Directions for this task. Only the lines in the entries below from the line with "Roof floor plan" to the line with "Питание: Завтраки (в", both included, belong in the answer, transcribed exactly and without pictures.

[Start of Attachment]

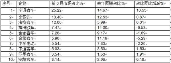 三、上半年:TOP10市场占比同比6增4减,宇通增加最多
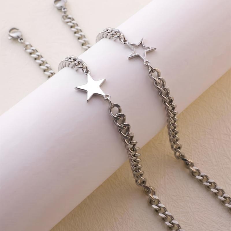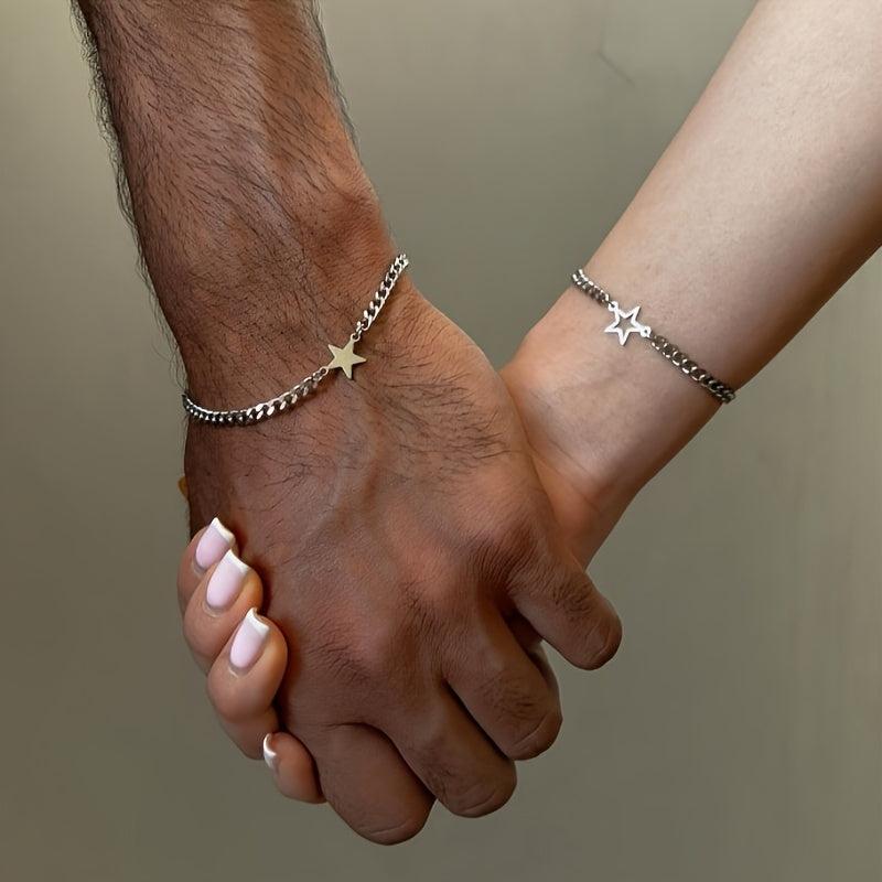 This fashionable bracelet features a minimalist design with hollowed out stars, perfect for couples. The end feel of the bracelet adds a touch of elegance to any outfit.
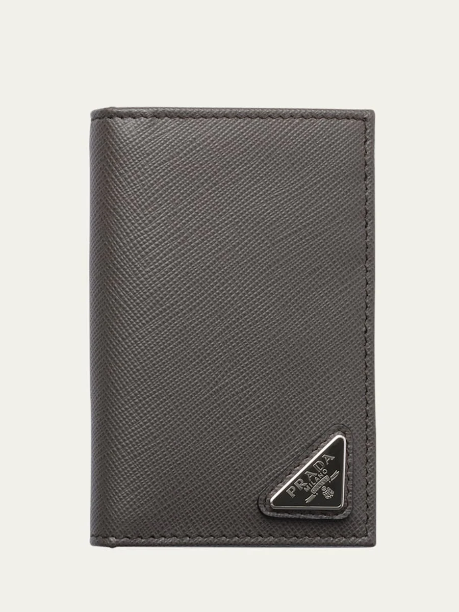 This compact Prada card holder has a practical slim design. Crafted from durable Saffiano leather, it opens to reveal six card slots and two pockets. Adorned with metal Prada logo lettering. Fully lined in moire and saffiano leather. Approx. 4.3"H x 2.7"W. Made in Italy.
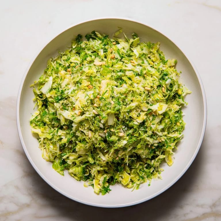 This salad is a wonderful way to enjoy Brussels sprouts in their raw form, retaining maximum crunch and nutrients. The finely sliced shallots add a subtle bite, while the honey in the dressing balances the acidity of the lemon for a harmonious taste. Tossing the salad just before serving ensures each bite remains fresh and crisp.
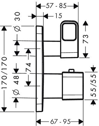 Термостат с запорным вентилем, внешняя часть.
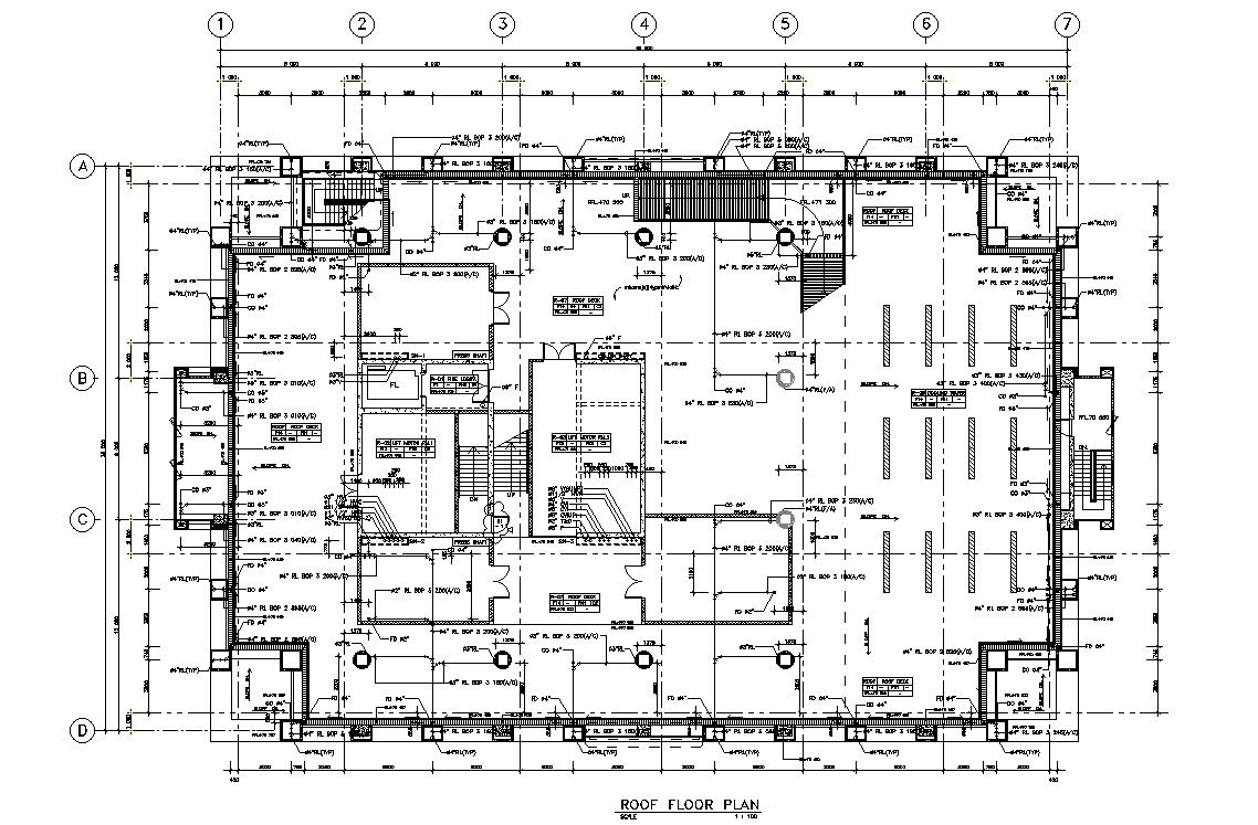 Roof floor plan specified in this AutoCAD drawing file. this drawing of the corporate building roof terrace plan which shows center line plan with dimension details along with roof dimension details, and roofing components details. download free DWG file of building blocks plan drawing.
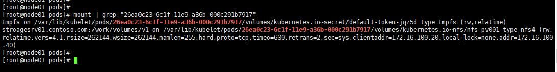 不过需要注意的是由于nfs文件存储不是一个块设备,所以宿主机系统需要扮演的就是nfs客户端角色,kubelet就是调用这个客户端工具来完成挂载的。
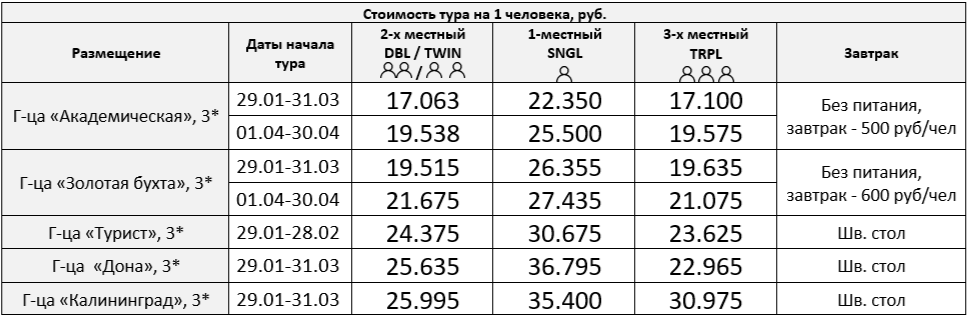 Питание: Завтраки (в г-цах: «Пруссия», «Золотая бухта» и «Калининград»), Обеды и Ужины
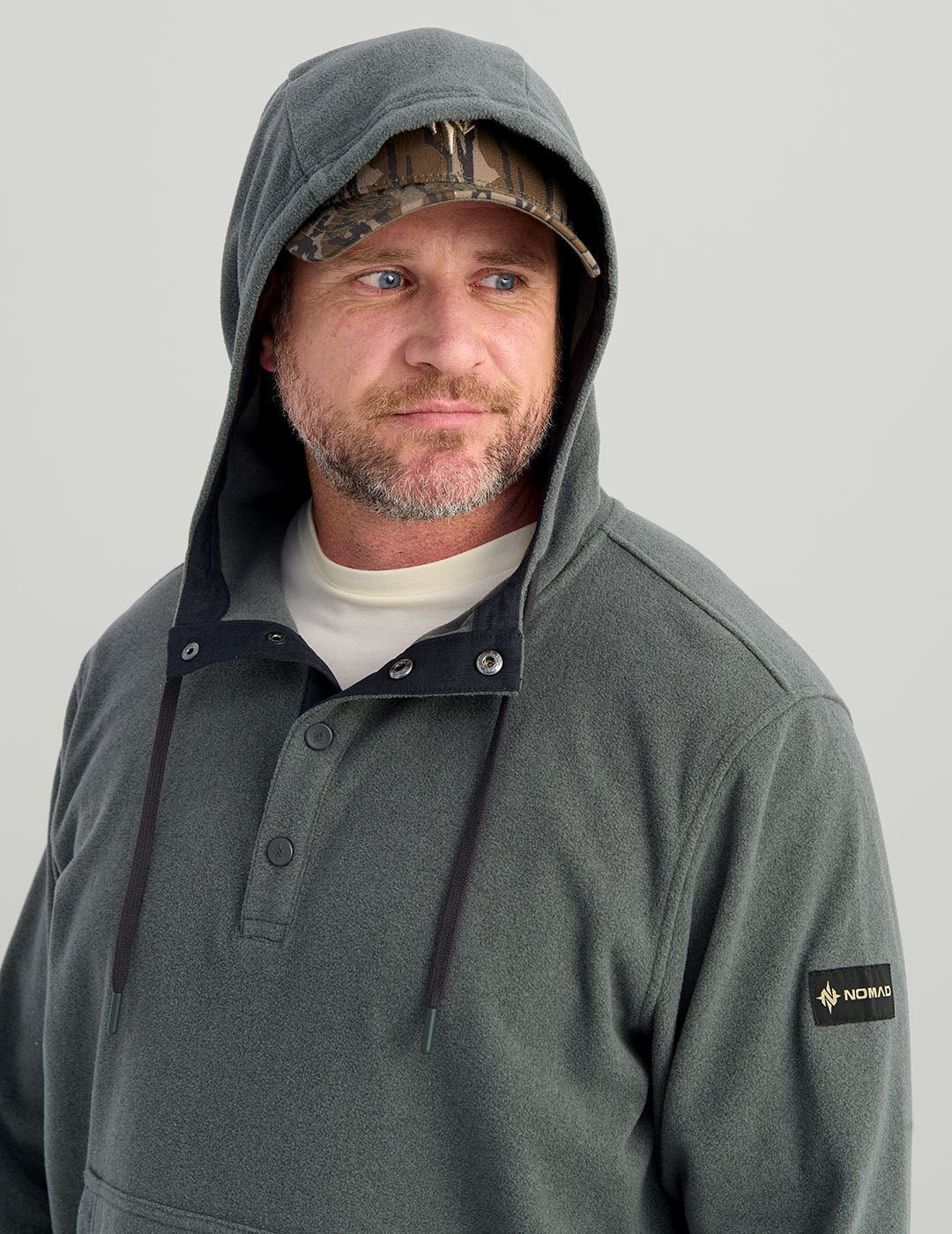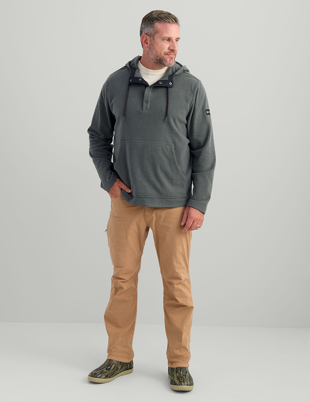 Built for crisp mornings, shifting weather, and long sits, the Still Trad Fleece Hoodie delivers dependable warmth in a streamlined package. Its 100% polyester Polar Tech™ fleece is perfect for shoulder seasons—light enough to move, warm enough to stand alone or layer up. A DWR finish fends off light moisture, while 4-way stretch keeps you fluid through every climb and stalk. The snap-closure kangaroo pocket locks down essentials so you can stay focused on the hunt. Rugged, comfortable, and ready for the woods.
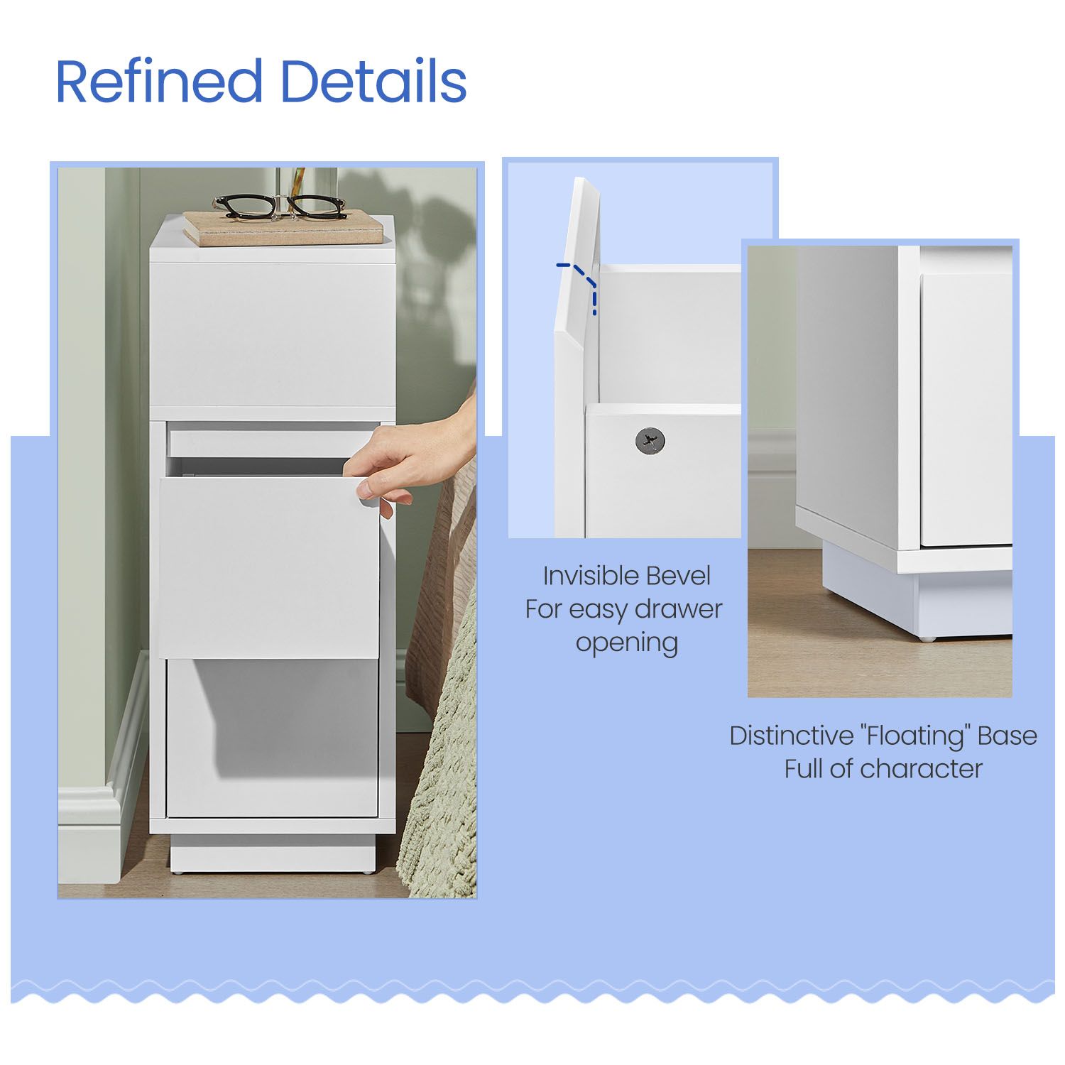 Side Table - VERRA Narrow Slim End Table with 2 Drawers and 1 Open Compartment - White
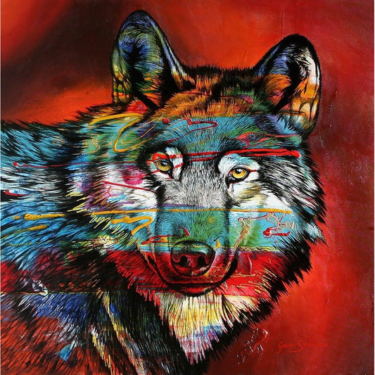 Electric Wolf Gold Ornate Wood Framed Art Print with Double Matting by Stevenson, Graeme
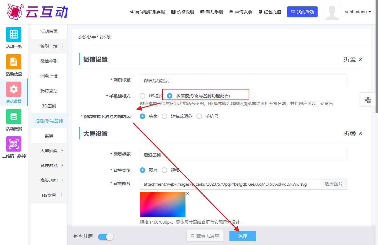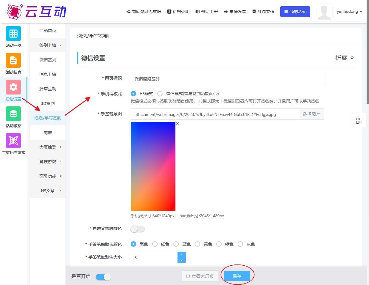 2、在活動(dòng)設(shè)置中找到“簽到上墻”里面的“泡泡/手寫(xiě)簽到”,點(diǎn)擊進(jìn)入設(shè)置頁(yè)面,在微信設(shè)置中可以選擇簽到模式,H5模式是需要用戶掃碼后或者在固定的IPAD上手寫(xiě)簽名簽到,大屏幕上會(huì)顯示泡泡包裹的手寫(xiě)簽名。
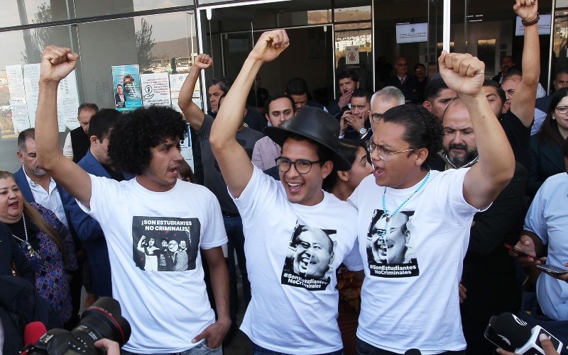 Tras las presiones de organizaciones civiles, autoridades y políticos, ayer salieron de la cárcel los tres universitarios Javier Armenta, Iván Ilich Cisneros y José Rojas, acusados por el “despojo” de un predio en Huentitán donde se construye un complejo inmobiliario. Luego de seis días en prisión preventiva, dejaron Puente Grande y agradecieron a toda la población que los apoyó, pero fueron vinculados y seguirán el proceso en libertad. Deben sujetarse a la medida cautelar para la firma periódica y no acercarse al predio en conflicto.“No nos liberó el Estado, nos liberó la gente que luchó en la calle, que alzó la voz… estoy muy agradecido”, expresó Javier Armenta, exlíder de la Federación de Estudiantes Universitarios (FEU), quien aseguró que no se emitirá ninguna disculpa pública a la empresa que los denunció, reconociendo que la protesta en el predio había sido un error. “Pero bajo ninguna circunstancia es un error defender lo que el Gobierno no defiende”. El rector Ricardo Villanueva apuntó que esta acción representa el fruto de la lucha y resistencia por parte de la comunidad estudiantil, así como las organizaciones civiles, partidos políticos y la sociedad en general que se sumaron a la causa. “No hay nada que festejar porque esto nunca debió de suceder, pero de corazón, gracias. Viví un momento de frustración de no creer el nivel tan bajo de la política en Jalisco. Debemos estar alertas porque esto fue un mensaje político a la UdeG y a los activistas. Fue algo que el gobernador nunca debió hacer y hasta que no se nos regrese la tranquilidad y que venga la concordia y acuerdos en Jalisco, pido que no levantemos el Estado de emergencia”.Según el abogado de la UdeG, Juan Carlos Guerrero, se apelará la vinculación a proceso determinada por el juez Felipe de Jesús Rivera y se interpondrá una queja ante el Consejo de la Judicatura porque “este encarcelamiento fue mandado desde Casa Jalisco”.Luego de que los tres jóvenes universitarios, Javier Armenta, Iván Ilich Cisneros y José Rojas Umanzor quedaran libres y ahora enfrenten su proceso penal fuera de prisión, el rector de la Universidad de Guadalajara (UdeG), Ricardo Villanueva, informó que el campamento instalado afuera de Casa Jalisco a manera de presión será retirado. “Inmediatamente se retira el plantón. Lo que exigimos era su libertad para llevar un proceso y sí se logró. Era el único requisito que nosotros teníamos para retirarnos de Casa Jalisco y nos vamos el día de hoy”, dijo el rector al salir de la audiencia. De inmediato, tanto el rector, como los jóvenes y funcionariado que acudió a Puente Grande, se dirigieron a Casa Jalisco para dar término a la sesión del Consejo General Universitario iniciada esta mañana a las 8:00 horas, tras haber sido pausada el pasado viernes para analizar las acciones a emprender en el caso. “¡Aquí está su manada!” se escuchó entre aplausos, porras y música cuando llegaron al campamento. Pese a que las casas de campaña y toldos fueron retirados, Villanueva Lomelí aseveró que el Estado de emergencia de la UdeG se mantendrá, pues “esto seguirá generando suspicacia e incertidumbre”. “Yo viví un momento de frustración de no creer el nivel tan bajo de la política en Jalisco. Debemos estar alertas porque esto fue un mensaje político a la UdeG y a los activistas. Esto rebasó todas las barreras de lo permitido. Fue algo que el gobernador nunca debió hacer y hasta que no se nos regrese la tranquilidad y que venga la concordia y acuerdos en Jalisco”, señaló el rector durante su intervención. Los tres jóvenes agradecieron a la comunidad estudiantil que les estuvo apoyando, incluyendo no sólo al alumnado, sino también al personal docente y académico y sin dejar de lado a la sociedad civil organizada, pues dijeron, fueron parte fundamental de la lucha. Por su parte, el abogado general de la UdeG, Juan Carlos Guerrero, recordó que el juez consideró la detención preventiva oficiosa al estimar que los jóvenes portaron armas durante sus protestas, lo que fue señalado por cinco testigos de la parte acusadora que no estuvieron presentes en el momento en el que se había cometido el presunto delito. Además, detalló que un guardia que estuvo presente durante el desalojo del campamento mencionó que los estudiantes no contaban con las armas que mencionan los MP. “Ese señor, con altísimo valor civil, fue y declaró que era falso que los estudiantes estuvieran armados. Esa declaración de ese ciudadano valiente ayudó a que se desestimaran los testimonios fabricados por la Fiscalía del Estado el día del evento”, dijo Guerrero Fausto. El presidente del partido Hagamos, Ernesto Gutiérrez Guízar, lamentó la determinación del juez Felipe de Jesús Rivera Gallegos de vincular a proceso a tres estudiantes universitarios que, a pesar de llevar su proceso en libertad, están imputados por supuesto despojo, pero criminalizados por manifestarse pacíficamente y defender un parque. “Esta determinación habla de la falta de sensibilidad del juzgador, que ha sido señalado de mantener un conflicto de intereses con el gobernador del estado y actores de Movimiento Ciudadano y el rechazo a cientos de voces que exigieron que se deje de criminalizar la protesta social”, apuntó. Recalcó el dirigente estatal que hoy en Jalisco inicia un estado de alerta en que cualquier persona que defienda una causa justa y que exija a su gobierno mejores condiciones pueda ser presa de una persecución política. “Las y los jaliscienses somos rehenes”, subrayó.«Hoy lo sentí en la sangre, después de seis días en la penal por un gobernador sin escrúpulos, salgo y veo a todas las personas que nos estaban apoyando».Iván Ilich Cisneros, estudiante.«Estamos aquí en libertad gracias a cada una de las y los universitarios que desde el jueves estuvieron con mucha valentía alzando la voz».Javier Armenta, estudia

[End of Attachment]

Task output.
 Roof floor plan specified in this AutoCAD drawing file. this drawing of the corporate building roof terrace plan which shows center line plan with dimension details along with roof dimension details, and roofing components details. download free DWG file of building blocks plan drawing.
 不过需要注意的是由于nfs文件存储不是一个块设备,所以宿主机系统需要扮演的就是nfs客户端角色,kubelet就是调用这个客户端工具来完成挂载的。
 Питание: Завтраки (в г-цах: «Пруссия», «Золотая бухта» и «Калининград»), Обеды и Ужины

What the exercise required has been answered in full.